OpenStudy (anonymous):

I am wrong, managed to confuse myself, the unit of momentum can be written as force * time, not energy * time

OpenStudy (anonymous):

so your momentum unit should be eV s/m

OpenStudy (anonymous):

I can see where you went wrong, you have left in a unit of meter/second after the velocity cancelled - you forgot to cancel the unit of speed in one of the factors

OpenStudy (anonymous):

It's not 0.9476038m/s, it's just dimensionless 0.9476038 when the c has been cancelled

OpenStudy (anonymous):

Ahh, okay I see, yes I forgot to cancel the m/s.

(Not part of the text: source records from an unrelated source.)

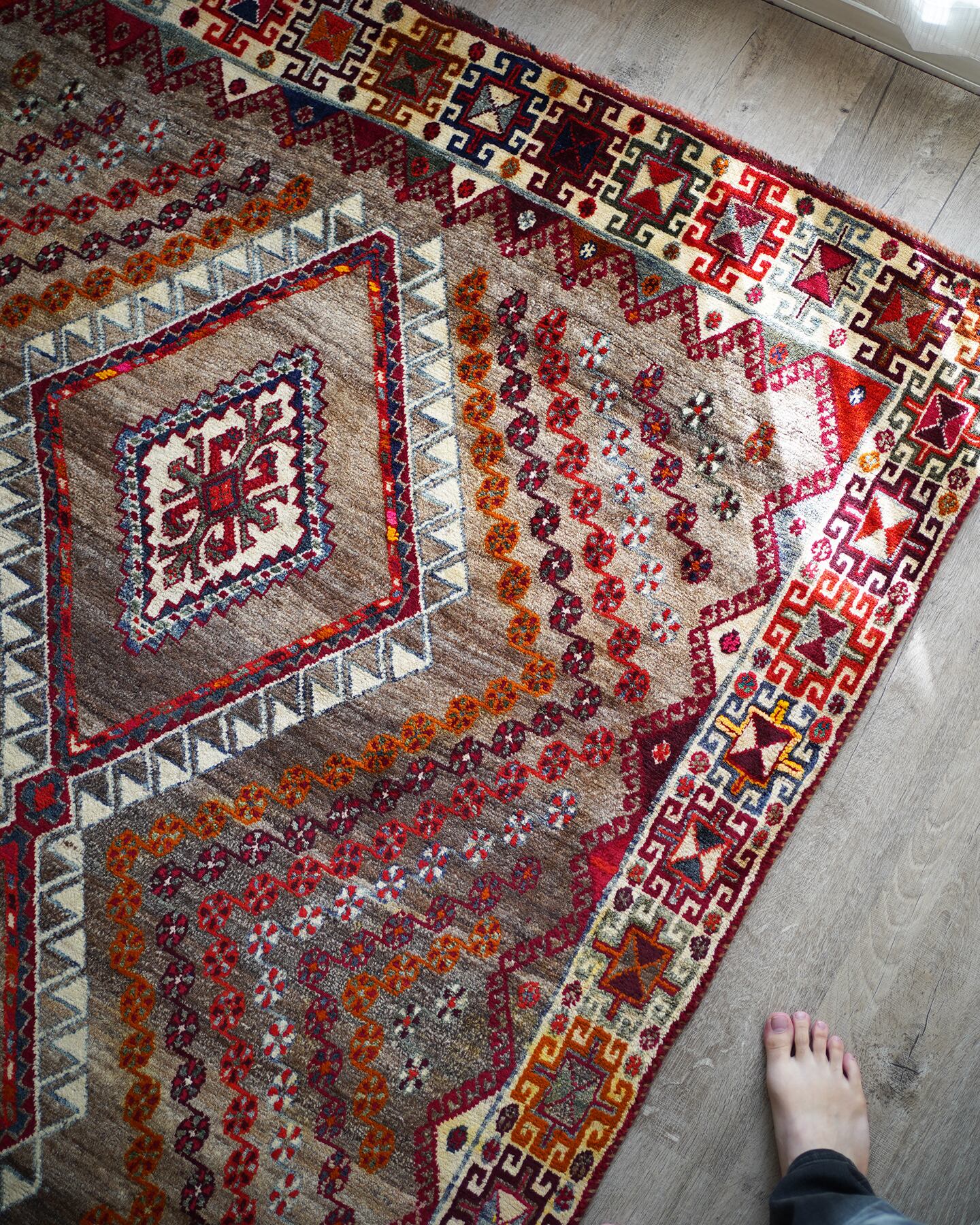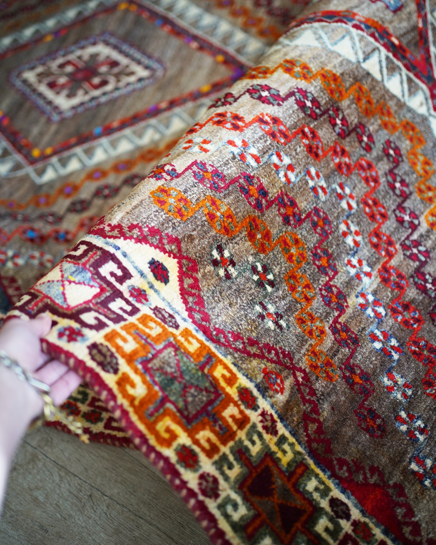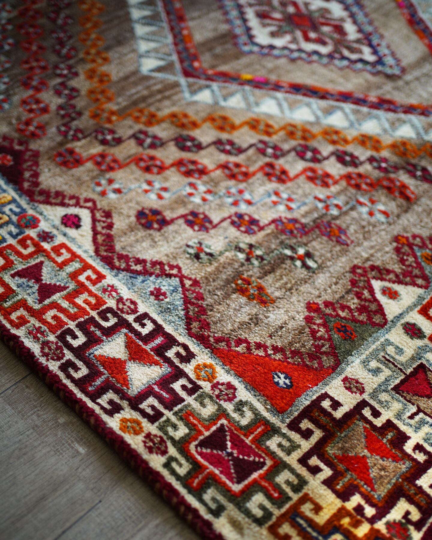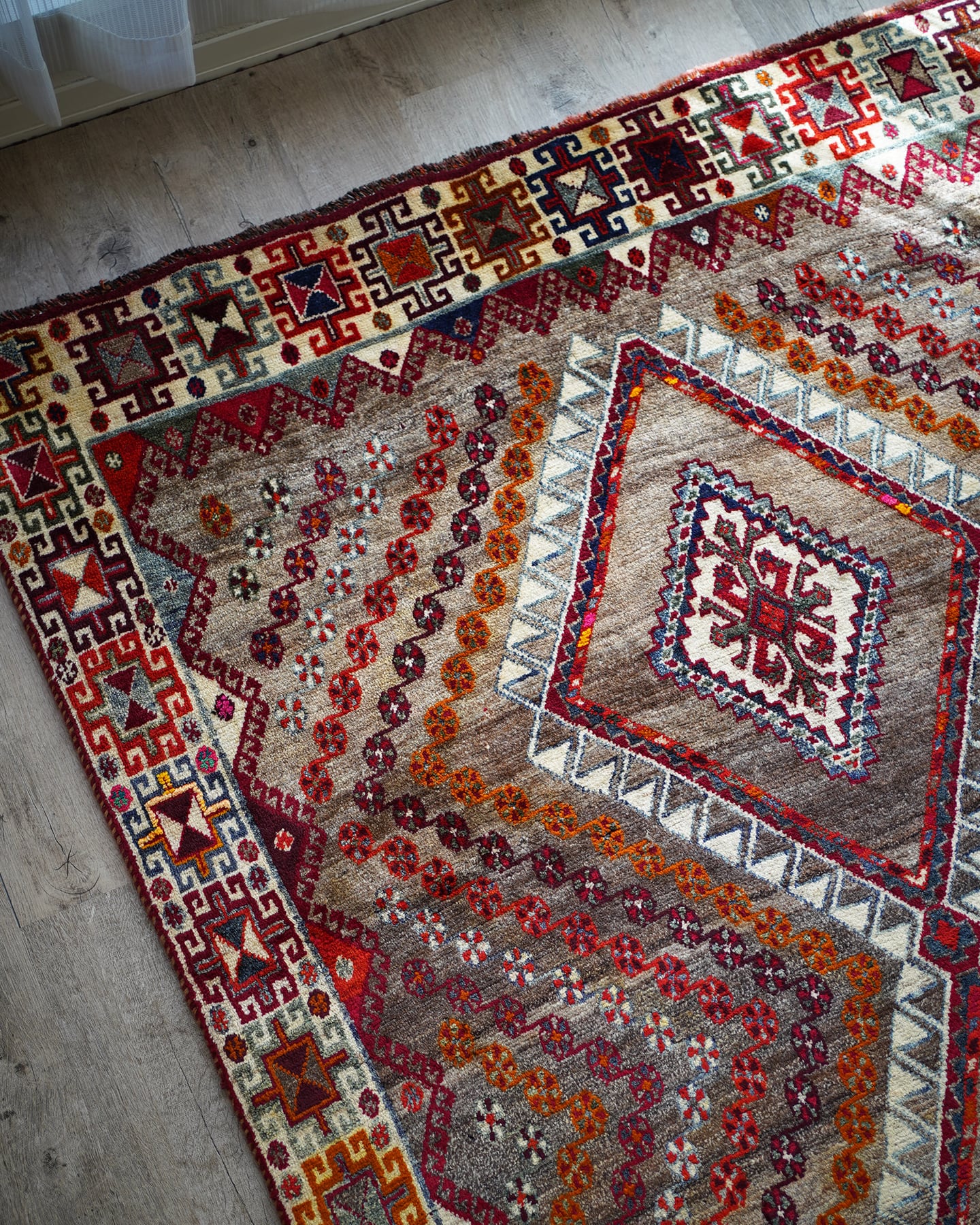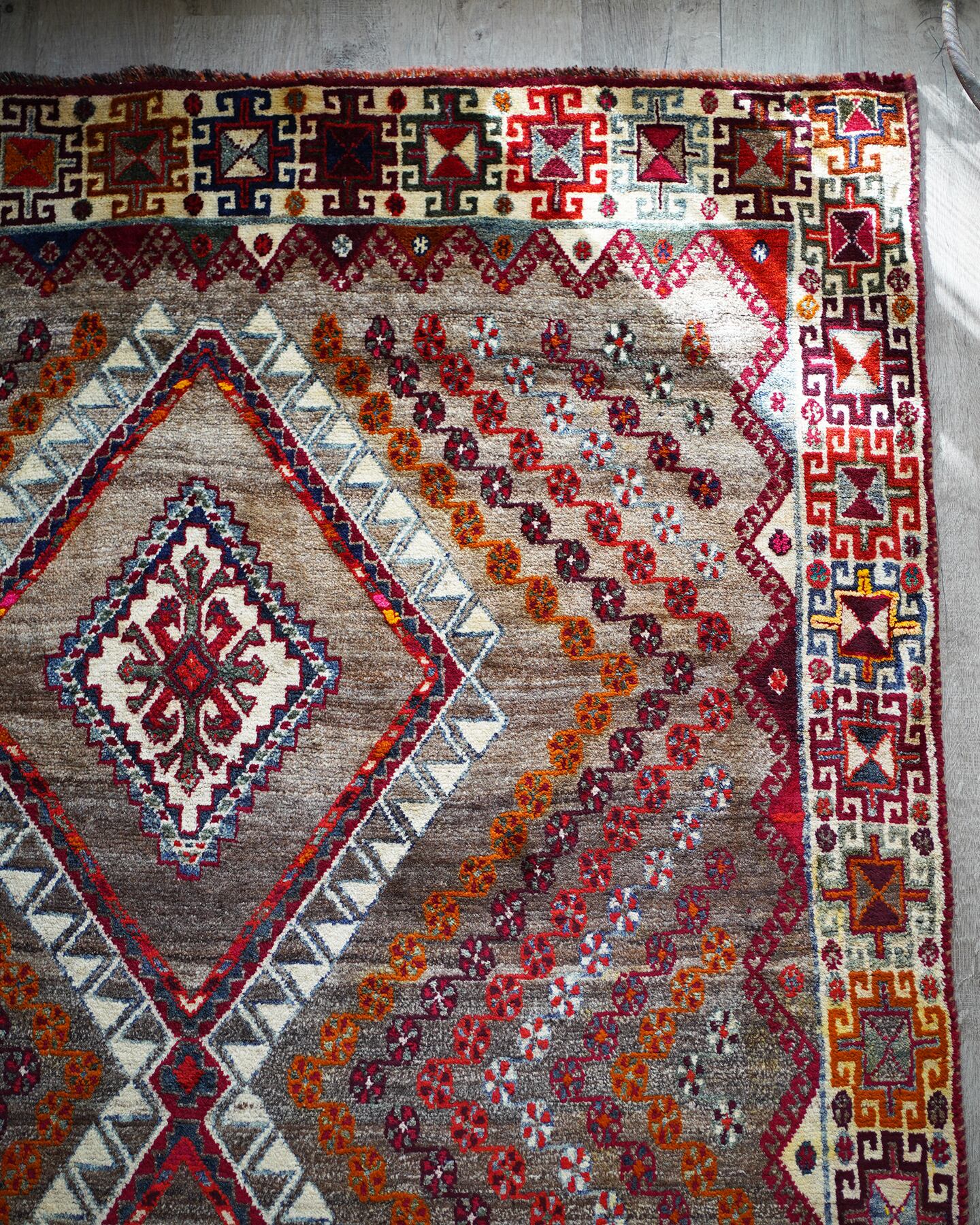 暗めのグレーをベースに、三連のメダリオンの周りにはカラフルな細かい装飾が施された珍しい色味のシラーズギャッベ。ふわっとした気持ちの良い肌触りで、厚みも1cm以上と毛足も長めですので、ゆったり絨毯の上で寛げます。このラグを一枚敷くだけで、お部屋がパッと華やかになりそうですね。補修跡なども無く、コンディションもパーフェクトです♪ リビングの主役にぜひお迎えください。
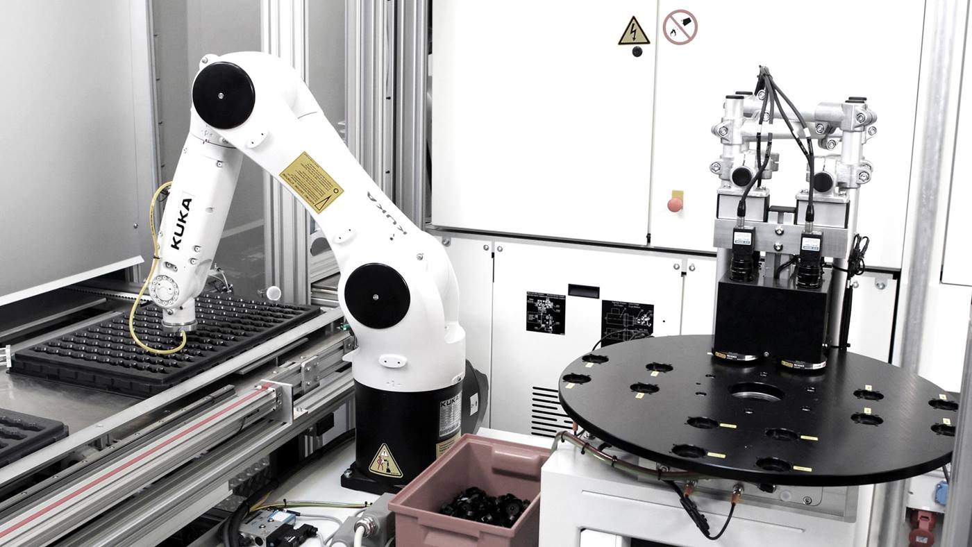 Gebrüder Schwarz GmbH 所采用的 KUKA 機器人讓人信服的不僅僅是它的質量,它的耐 用性和高達 99.995% 的高可用性尤其讓人印象深刻。 這些機器人在工作范圍、重量、 速度和能耗之間擁有的理想比例。 它們具有豐富的功能,這讓它們變得非常靈活, 非常便于在 Gebrüdern Schwarz 的規定生產循環中實現兩個機器人系統的同步。 KR 16-2 能夠非常靈活和精準地從噴注機中提取部件,而 KR AGILUS 6 R900 能夠在高速度狀態下以更高的精度完成工作。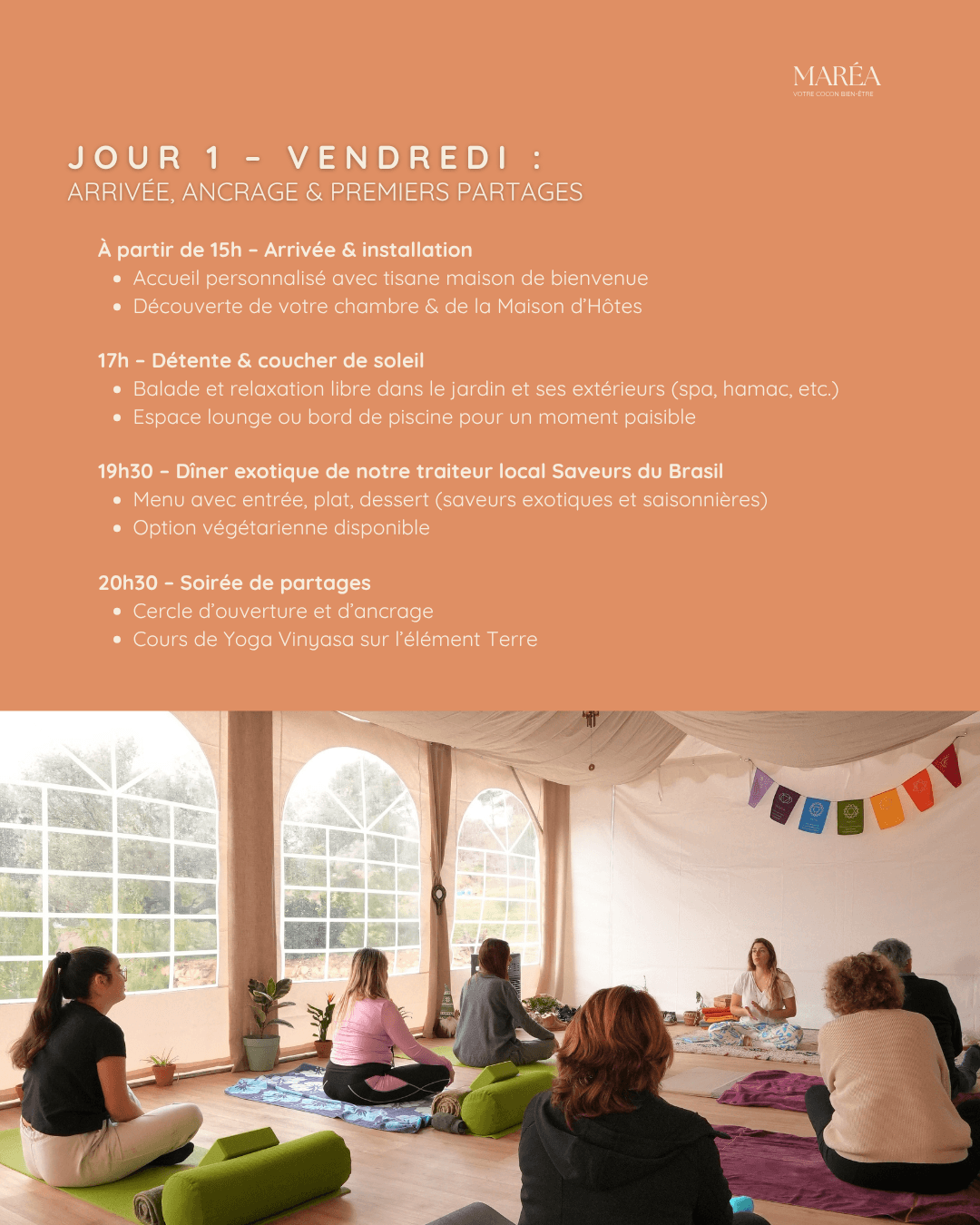 Les retraites Maréa sont des parenthèses plus longues, pensées comme des immersions profondes pour ralentir, respirer et revenir à soi.

I think I also made this way too complicated I calculated m up top for 2000 protons: 3.34x10^{-24} kg Momentum is just kg • m/s

OpenStudy (anonymous):

↓^ kg * (m/s)

OpenStudy (anonymous):

: )

OpenStudy (anonymous):

Oh physics, you so silly.

OpenStudy (anonymous):

sure, you can write momentum as kg . m/s, or as energy.time/distance they're exactly equivalent the second choice seemed more natural in the context of your question

OpenStudy (anonymous):

And yet again @ProfBrainstorm comes to my rescue :) Seriously, thank you so much! Your feedback is always fantastic.